Para ele, mesmo que o preço do barril tenha reduzido no mercado internacional, a alta do dólar no Brasil, que chegou a ser cotado a R$ 4, possibilita uma compensação. “Houve um aumento considerável no valor do dólar, que em parte compensou a diminuição do volume advindo do preço”, disse à Agência Brasil.

Para John Formam, o dinheiro dos royalties foi mal aplicado. “Os royalties vêm sendo usados desde lá de trás para despesas correntes. Quando se bota em uma fonte, que não é permanente, nas despesas correntes, se esta fonte falha, fica com um problema grande. Se tivesse usado este dinheiro para melhorar a saúde, para hospitais, para a segurança, isto estaria aí, mas se usa para pagar folha de pagamento, que por si só não gera nada”, disse.

Medidas extraordinárias

“A saída para o déficit é o aumento de receita, mas isso é muito difícil na atual depressão da economia brasileira.
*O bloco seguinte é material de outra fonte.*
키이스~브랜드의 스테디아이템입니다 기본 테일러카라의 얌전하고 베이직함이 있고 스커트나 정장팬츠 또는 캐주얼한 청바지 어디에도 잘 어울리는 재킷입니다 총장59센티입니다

Por isso, a ajuda federal será central para que o Estado do Rio consiga sair dessa crise”,  afirmou o secretário de Fazenda do Rio de Janeiro, Júlio Bueno, à Agência Brasil.

Para socorrer o estado, o governo federal liberou R$ 2,9 bilhões.
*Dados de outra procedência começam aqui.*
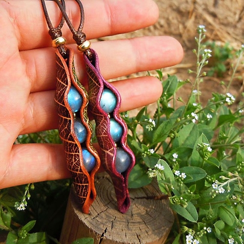 The leather is dyed by hand,the leaf texture is made by real leaf,and each leaf only used once,so the texture is different of each necklace.
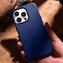 iCarer Case Leather pokrowiec etui z naturalnej skóry do iPhone 14 Pro niebieski (WMI14220706-BU) (kompatybilne z MagSafe)
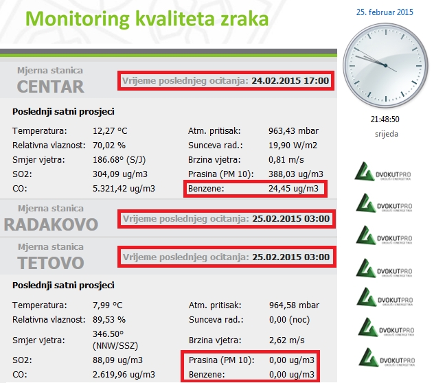 Hoće li ovaj monitoring IKAD proraditi kako treba? Za milion i po KM dobili smo neispravnu opremu. Danas je na displeju cijeli dan SO2 169. Mjerne stanice u...
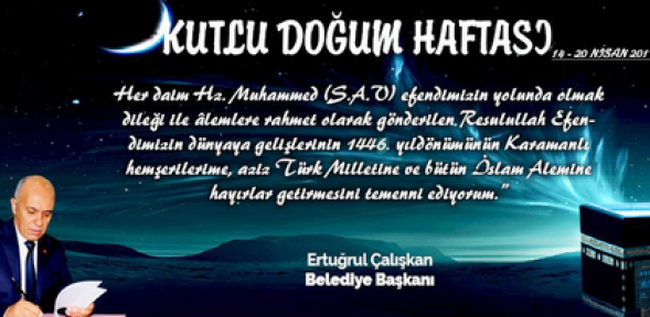 Karaman - Karaman Belediye Başkanı Ertuğrul Çalışkan, Peygamberimiz Hz. Muhammed (S.A.V.) Efendimizin dünyaya gelişlerinin 1446. yıldönümü nedeniyle her yıl 14-20 Nisan tarihleri arasında kutladığımız Kutlu Doğum Haftası nedeniyle bir mesaj yayımladı.
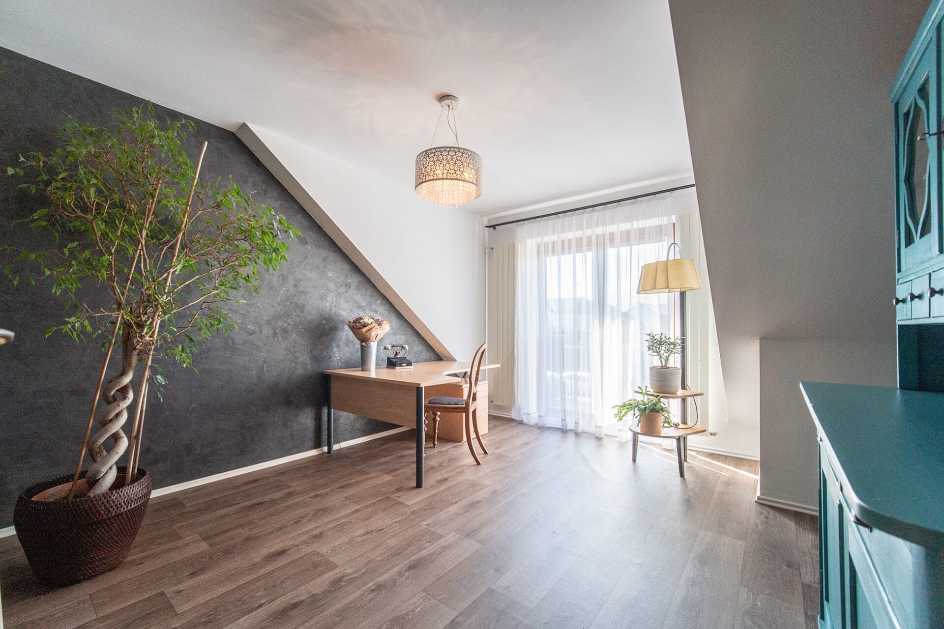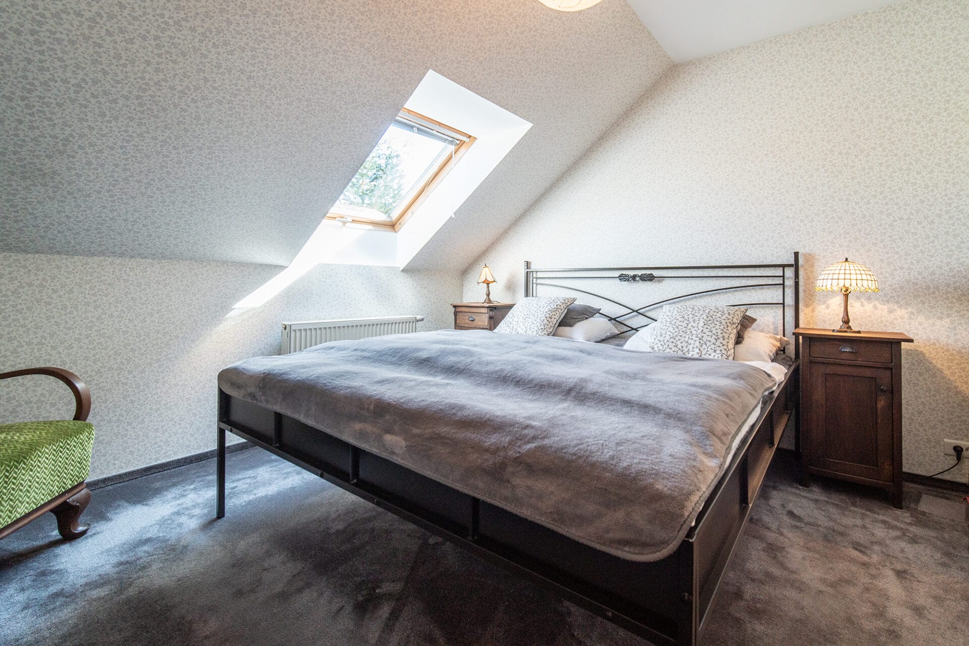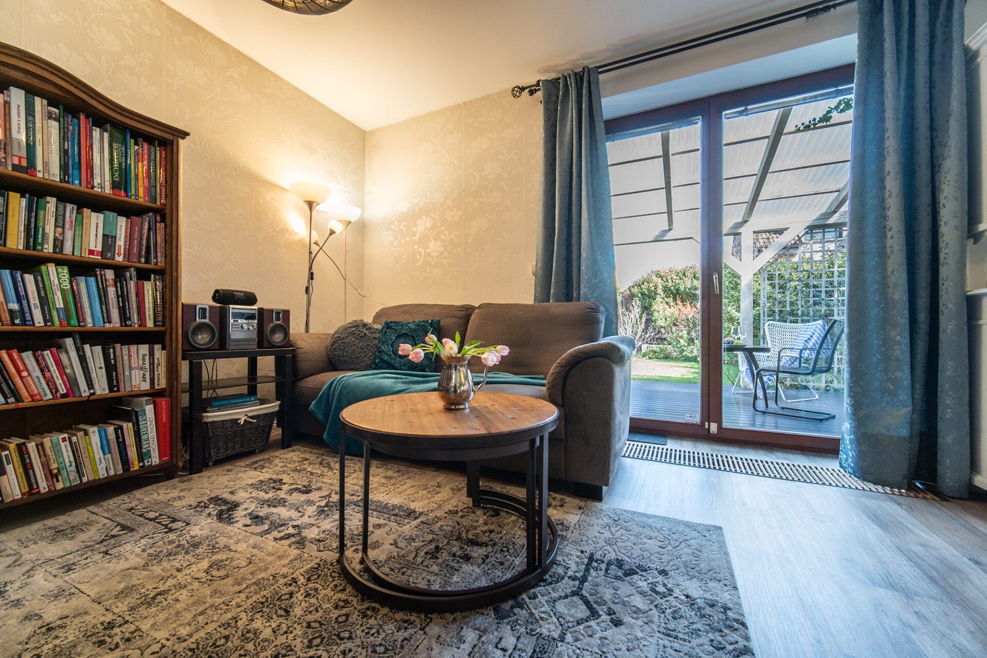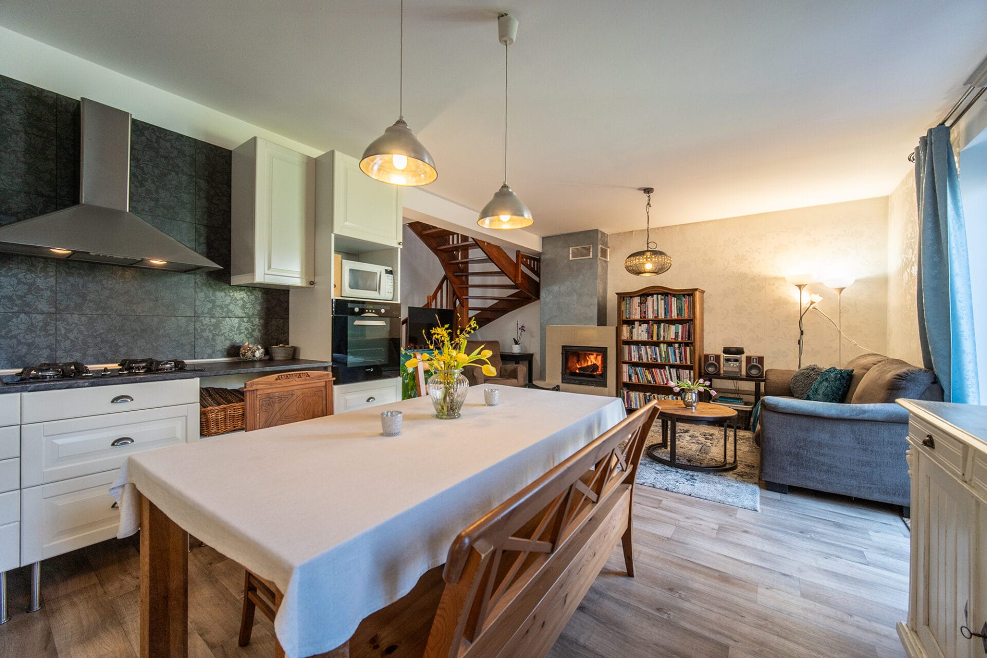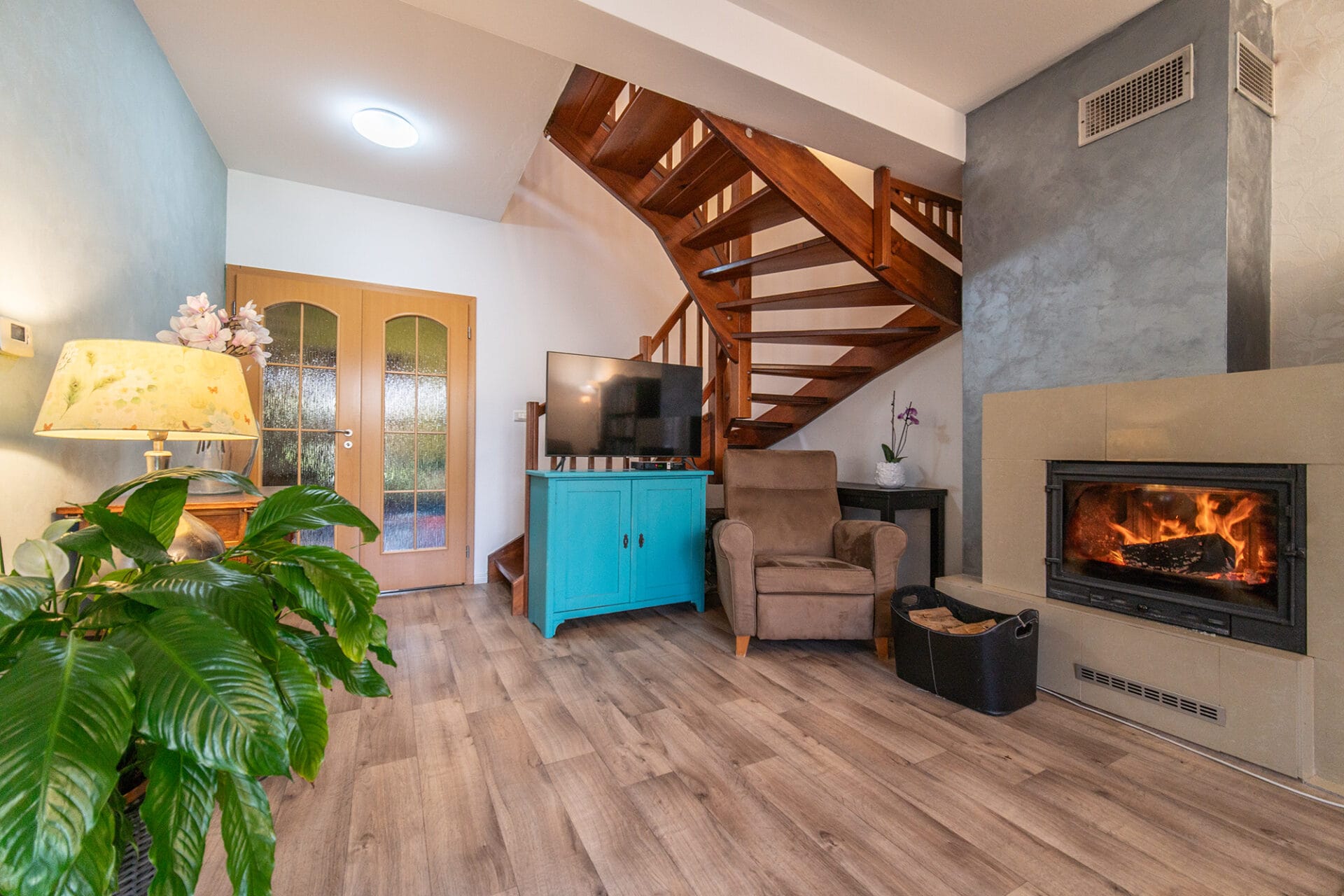 Krb v obývacím pokoji, dřevěné schodiště, francouzská okna

Na busca para equilibrar arrecadação e gastos, um dos caminhos tem sido identificar receitas extraordinárias, como a securitização da dívida ativa do Estado, que significa a venda de papeis da dívida, estimada em R$ 66 bilhões, e com isso agilizar a entrada de dinheiro no caixa.

Outras medidas são venda de imóveis e a licitação da folha de pagamento, que hoje é feita pelo Bradesco, além da renegociação da dívida com a União. Outro reforço esperado é o aumento da arrecadação com impostos, que tiveram as alíquotas reajustadas no final de 2015 e que passaram a vigorar a partir do final de março de 2016.

O governo estadual também está de olho na Previdência. Com déficit de R$ 8 bilhões em 2015, a Fazenda afirma que o cenário foi agravado com a redução dos royalties, usados para cobrir a maior parte dos gastos com o Rioprevidência- Fundo Único de Previdência do Estado do Rio.

“É importante observar que o déficit do estado é fundamentalmente causado pelo Rioprevidência. Precisamos gastar R$ 18 bilhões na Previdência este ano e a receita é de R$ 5 bilhões. A Previdência responde por mais de 70% do déficit do Estado”, disse o secretário Júlio Bueno.

Uma das principais consequências da crise tem sido o atraso no pagamento dos salários, aposentadorias e pensões. O governo acabou por parcelar o pagamento dos salários, inclusive do 13º salário, motivando protestos de servidores e aposentados.

Com os atrasos, a Justiça determinou o arresto de dinheiro dos cofres estaduais para garantir a liberação dos vencimentos e das aposentadorias e o calendário de pagamentos teve de ser alterado duas vezes. Conforme a secretaria, a folha de pagamento mensal consome R$ 2,7 bilhões.

O pesquisador do Instituto Brasileiro de Economia da Fundação Getulio Vargas (FGV/Ibre), José Roberto Afonso, compara o cenário do Rio a uma pessoa que precisa de um atendimento de emergência. No caso do cidadão, ele deve buscar um hospital, no caso do Rio de Janeiro, não há outra alternativa a não ser o Tesouro Nacional.

“Mesmo com o gasto público no Rio crescendo menos que o federal, foi tão forte a queda da receita, puxada pelos royalties, que o estado está em situação pré-falimentar. Não resta outra alternativa, salvo a ajuda federal”, disse.

Para médio e longo prazos, o economista aponta que será preciso adotar medidas duras, como revisão de incentivos e dos benefícios da previdência.

“A Constituição prevê que só se deveria reajustar benefício previdenciário se houvesse fonte de recurso, mas isso nunca foi observado. A mesma Constituição prevê que, quando um governo estoura o limite de gasto com pessoal, tem que extinguir cargos e até demitir servidores concursados”.